The Follow-the-Sun (FTS) model sounds great on paper: hand off work across time zones for 24/7 productivity. In practice, it often creates significant operational challenges that outweigh the benefits.

Four Problems With Follow-the-Sun

1. Context Loss in Handoffs

Task transfers across continents frequently lose important nuances, decision rationale, and scope changes. That “quick update” from your US team arrives incomplete for your Asia team, resulting in rework and misalignment.

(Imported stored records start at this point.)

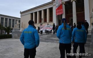 Η ομάδα των φοιτητών μπροστά από το κτίριο στα προπύλαια έχει βάλει δύο πανό τα οποία δηλώνουν την αντίθεση μερίδας της φοιτητικής κοινότητας στην παρουσία της αστυνομίας στα πανεπιστημιακά ιδρύματα και το νέο νομοσχέδιο του υπουργείου Παιδείας.
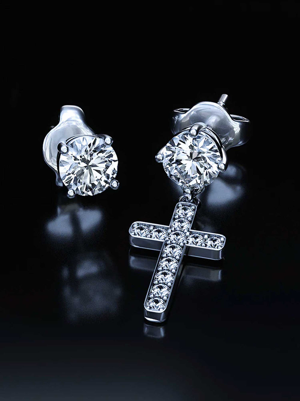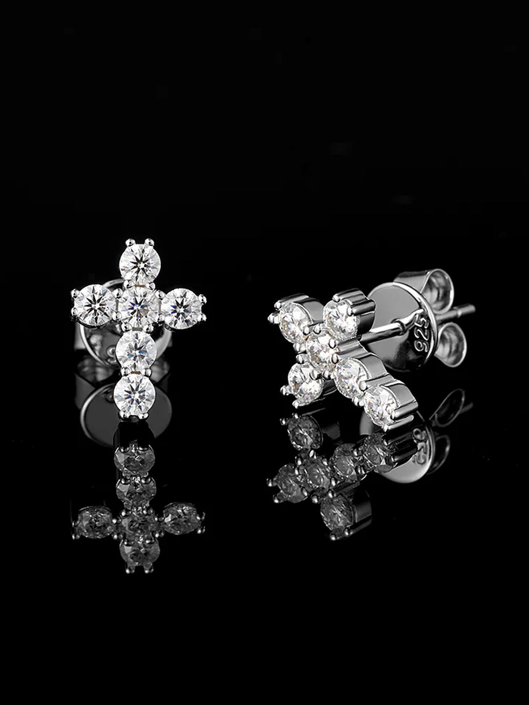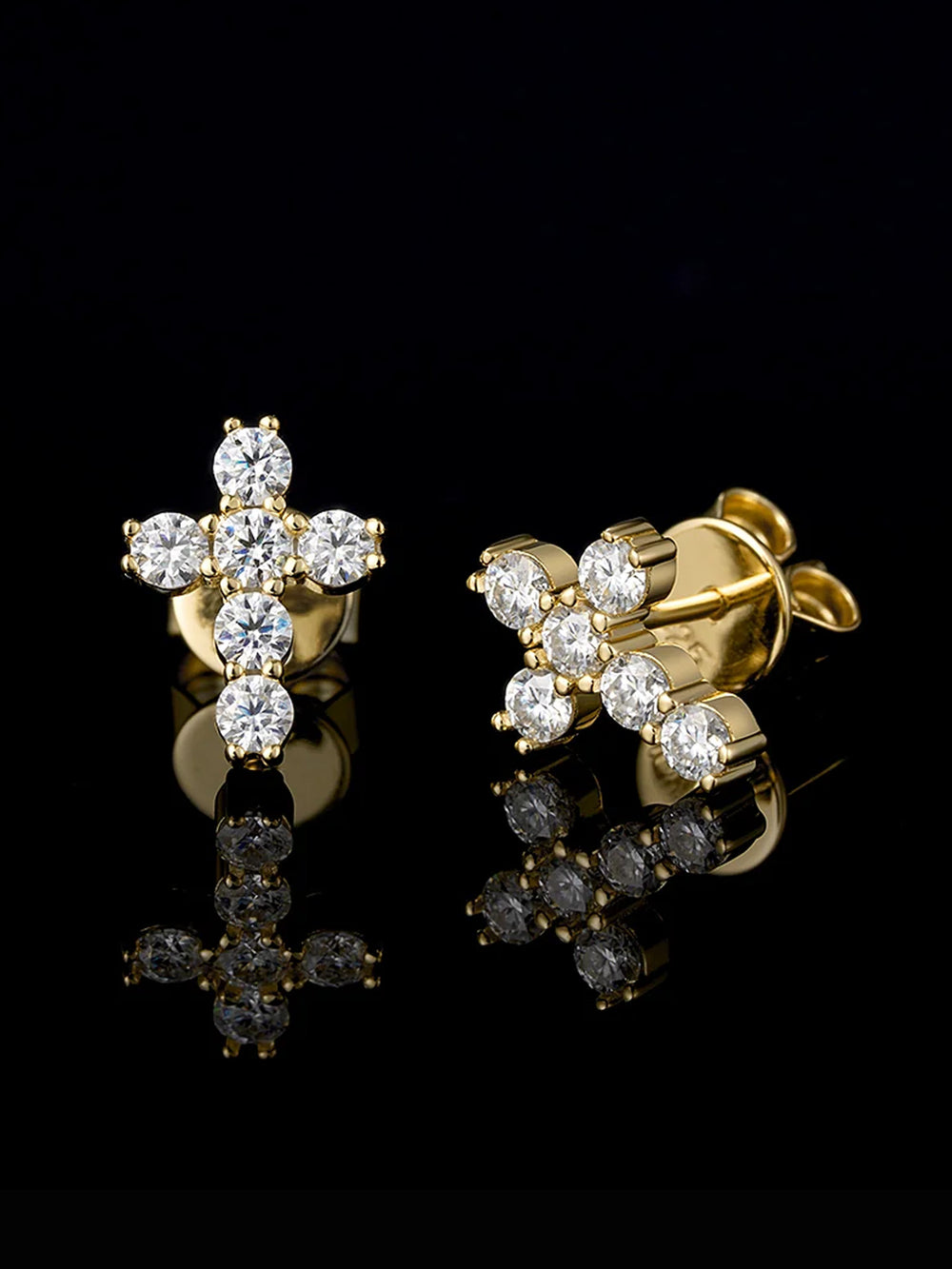 14K Solid Gold Round Cut Stud Cross Moissanite Earrings
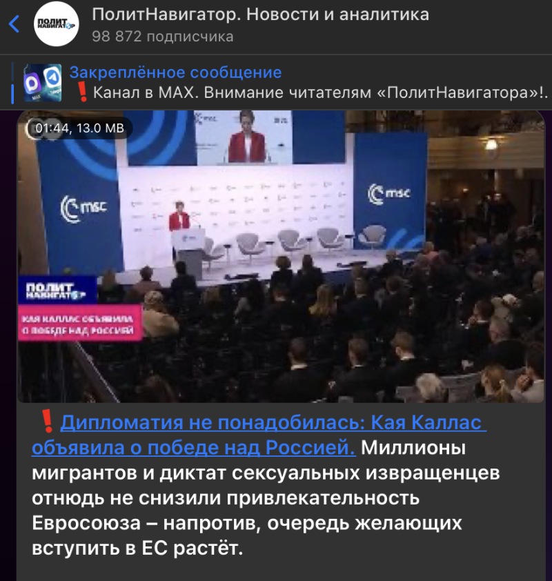 Кая Каллас победила Россию. Снова. Так еврокомиссар по иностранным делам Кая Каллас на Мюнхенской конференции по безопасности объявила о триумфе ЕС над Россией. По её словам, несмотря на миллионы мигрантов и критику "диктатом сексуальных меньшинств", привлекательность Евросоюза только растёт - очередь стран на вступление удлиняется.
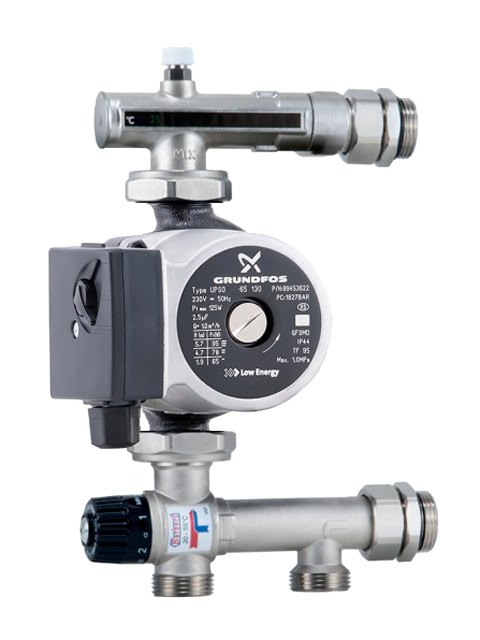 Смесительный узел теплого пола подключаемый к распределительному коллектору гребенке является основной частью для быстрого создания комфортных систем отопления нагревом теплого пола нагретой жидкостью. Смесительный узел Barberi арт. 27B040N4M3 представляет собой уже подготовленный для установки в систему комплект элементов состоящий из термостатического трехходового клапана, термометра, развоздушника и элементов для подключения узла к системе отопления и коллектору и насоса циркуляции теплоносителя. Особенностью этой модели является возможность изменить межосевое расстояние подключений к коллектору за счет наличия эксцентриков.
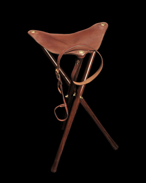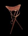 JAMES PURDEY & SONS AN UNUSED FINE LIGHTWEIGHT WOOD AND LEATHER TRIPOD SEAT,
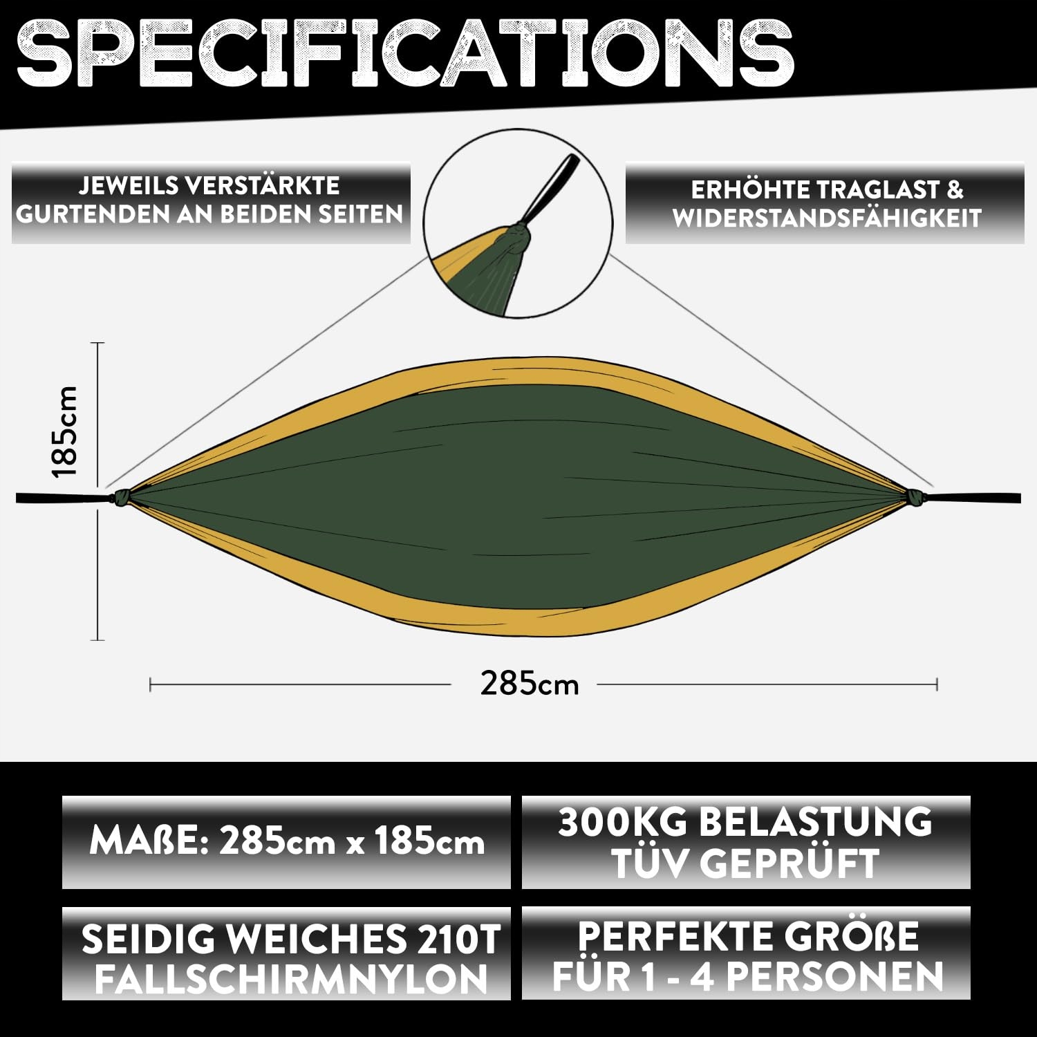 ✅ BEZKOMPROMISOWA JAKOŚĆ: Dodatkowo wzmocniony i unikalny design pasków na końcach hamaków. Potrójnie wzmocnione szwy, wytrzymały i odporny na warunki atmosferyczne nylon spadochronowy. Ekstremalnie stabilne karabinki i innowacyjny, przetestowany system zawieszenia.

2. Async Communication Limitations

The model struggles when projects require frequent alignment or rapid iteration. The right person won’t see a message for 8+ hours. For fast-moving work, this lag compounds into days of delay.

3. Hidden Burnout

Despite promises of flexible scheduling, team members often adjust their hours to create overlap with other regions. A developer in Manila takes calls at 10 PM “just this once”—until it becomes expected. Fatigue and morale issues follow.

4. Tool Proliferation

Teams compensate for lack of real-time collaboration by implementing numerous documentation platforms—Notion, Confluence, Slack, Jira, Loom. Eventually, coordination itself becomes the job.

A Better Alternative

Instead of spreading teams across the globe, consider hiring offshore teams within the same time zone as your core operations. You get:

  • Real-time collaboration when it matters
  • Cost efficiency of offshore hiring
  • Stronger team culture through shared working hours
  • Maintained agility without timezone complications

When FTS Can Work

To be fair, Follow-the-Sun works for organizations with mature async cultures, well-documented processes, and work that genuinely benefits from continuous coverage (like support or DevOps).

But for most scaling companies building products that require iteration and collaboration? Same-timezone distributed teams deliver better outcomes.